What did his support mean to you?
It really mattered, because I was devastated. I felt that I had let down the president; I possibly thought I might have wrecked the whole Peace Corps idea, and I let down my friends in the group and actually put them in some jeopardy. I’d been through quite a lot of stuff. So for him to say “we’re strongly behind you” was just amazing.
How have you coped?
I never talked about it—ever—to anybody, even my best friends. I never knew whether they knew about it, because of course my name had changed. So when I went to a new town and made friends, I obviously didn’t ever bring it up. From the beginning I felt it was a stupid and insulting thing for me to do, and I was ashamed of it.
Have you been able to forgive yourself?
Oh, I live with some regrets.
What remains of your Peace Corps days?
Two boxes. My mother kept everything—all the letters that came from all over the place, and the press stuff. I don’t think I want to go through those cartons. I’ve tried a couple times, because we’ve been carting them around, house to house. But I start reading the letters from angry people—there are a lot of wonderful letters in there, too—and it brings it all back, and I close the cartons.
Clarice (Reese) Heller Berman ’61 told me she felt only sympathy for you because “it was something anybody could have done.” Is this how most of your fellow volunteers reacted?
Yes, it was, but I didn’t know that until I finally went to the fortieth reunion of Nigeria I ten years ago.
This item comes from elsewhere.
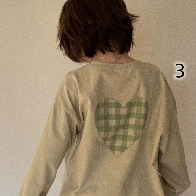 ハートとチェック柄が可愛い、男女兼用の長袖Tシャツ

Reese told me that; other people told me that. It was just so warm and welcoming. That healed a lot of the pain I’ve always felt about the whole thing.
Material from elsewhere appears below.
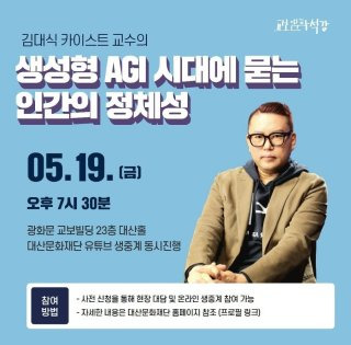 김대식 교수는 인공지능 시대에 대한 통찰을 꾸준히 제시해 온 학자로도 잘 알려졌다. 특히 인간의 지능을 넘어서는 범용 인공지능, 즉 AGI의 등장 가능성을 강조하며 인류 사회의 변화에 대해 여러 강연과 저서를 통해 설명하고 있다. 김대식 교수는 인공지능이 단순한 도구를 넘어 인간의 능력을 대체할 수 있는 단계로 발전할 가능성을 언급하며, 인간과 AI의 관계를 새로운 시각에서 바라봐야 한다고 주장했다.

In closing, one last note on Marjorie Michelmore Heffron. She earned a Master of Arts degree from Columbia University and worked for Harvard University as director for media relations before becoming an associate vice president for university relations at Binghamton University. When she retired she and her husband returned to live in Exeter for the last 12 years of her life. Until her death from cancer in 2011 she continued to work as a freelance writer and editor and wrote a biography of Louisa Catherine Adams, wife of the sixth U.S. president published by Yale University shortly after her death. In previous articles I have written about Marjorie, I said she was certainly the most famous Peace Corps Volunteer. I continue to think so.
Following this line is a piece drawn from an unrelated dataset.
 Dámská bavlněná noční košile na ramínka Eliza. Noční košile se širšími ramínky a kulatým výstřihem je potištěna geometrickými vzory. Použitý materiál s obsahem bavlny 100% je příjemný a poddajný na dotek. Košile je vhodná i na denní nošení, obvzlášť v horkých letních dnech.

What you see here is the original cartoon Ellen Kennedy, wife of Padraic Kennedy, first Chief of the Division of Volunteer Field Support –1961-65–purchased from The New Yorker cartoonist. Ellen and Pat Kennedy kindly gave the cartoon to me and I will give to the NPCA when they open their RPCV museum at their offices in Washington, D.C.. The New Yorker, as only they would, found humor in the situation and published this cartoon.
“Do you think it would be all right on a postcard to mention frozen foods,
dirty streets, crowded tenements, TV commercials, and things like that?”